I'm reading this proof of Brouwer fixed point theorem using connectedness of the interval $[a...b]$. I'm trying to understand why $U$ and $V$ are open in $[a...b]$.
There are several definitions/criteria, but I'm not sure which ones apply, and which ones do not:
$\bullet$ $U \subset [...]$ is open if for all $x \in U$, there's an open interval containing $x$ which is contained in U.
$\bullet$ $[...]$ is a subset of the reals and we require $U$ to be the intersection of $[a...b]$ and an open set in $\mathbb{R}$?
$\bullet$ Since $f$ is continuous, we want to show that the image of $U$ is open in the co-domain $[a...b]$.
Please give some comments.
Edit: there's a second proof, as in the second paragraph of this pic below.

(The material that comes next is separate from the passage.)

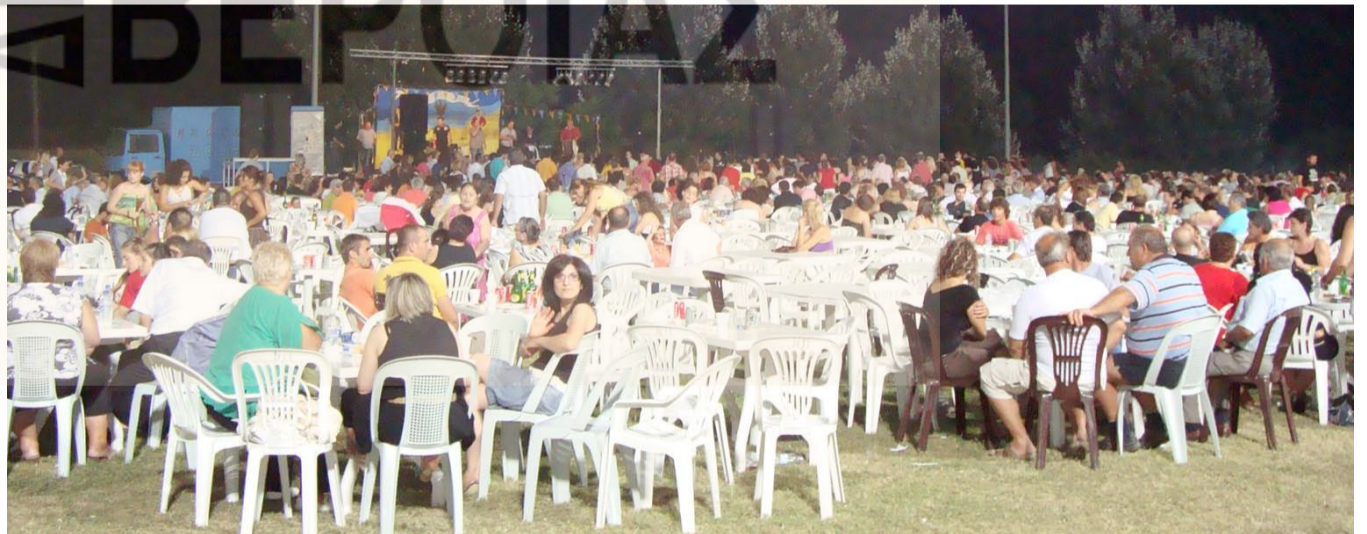
Η συμμετοχή του κόσμου από την Ημαθία, αλλά και από την ευρύτερη περιοχή ήταν εντυπωσιακή.

I ran into a somewhat similar problem where I can't ascertain why the sets $U = \{x \in I | f(x) < x \}$ and $V = \{x \in I | f(x) > x \}$ are open in $I$. I can see that if we choose the topology on the co-domain to be $\{ \{0,1\},\{0\}, \{1\}, \emptyset \}$ then the analysis goes through (using the definition of continuous function as "the pre-images of open sets are open"). But why this particular topology? What indications is there that this topology is chosen?
Consider the function $h:[0,1]\to[-1,1]$ defined by $h(x)=f(x)-x$. Since $f$ and the identity function are continuous, so is $g$. Note that $U=h^{-1}((-\infty,0)\cap[-1,1])$ and $V=h^{-1}((0,\infty)\cap[-1,1])$. Now open intervals are open in the usual topology of $\mathbb R$ and hence $(0,\infty)\cap[-1,1]$ and $(-\infty,0)\cap[-1,1]$ are open in the subspace topolgy of $[-1,1]$. As $h$ is continuous, the preimage of an open set is open. Thus, $U$ and $V$ are open in $[0,1]$.
Now, in the second proof, $g$ is a function from $I$ to $\{0,1\}$. Here, $\{0,1\}$ is equipped with the discrete topology. A topological space $X$ is connected iff all continuous functions from $X$ to $\{0,1\}$ are constant, where $\{0,1\}$ is the two-point space endowed with the discrete topology(1).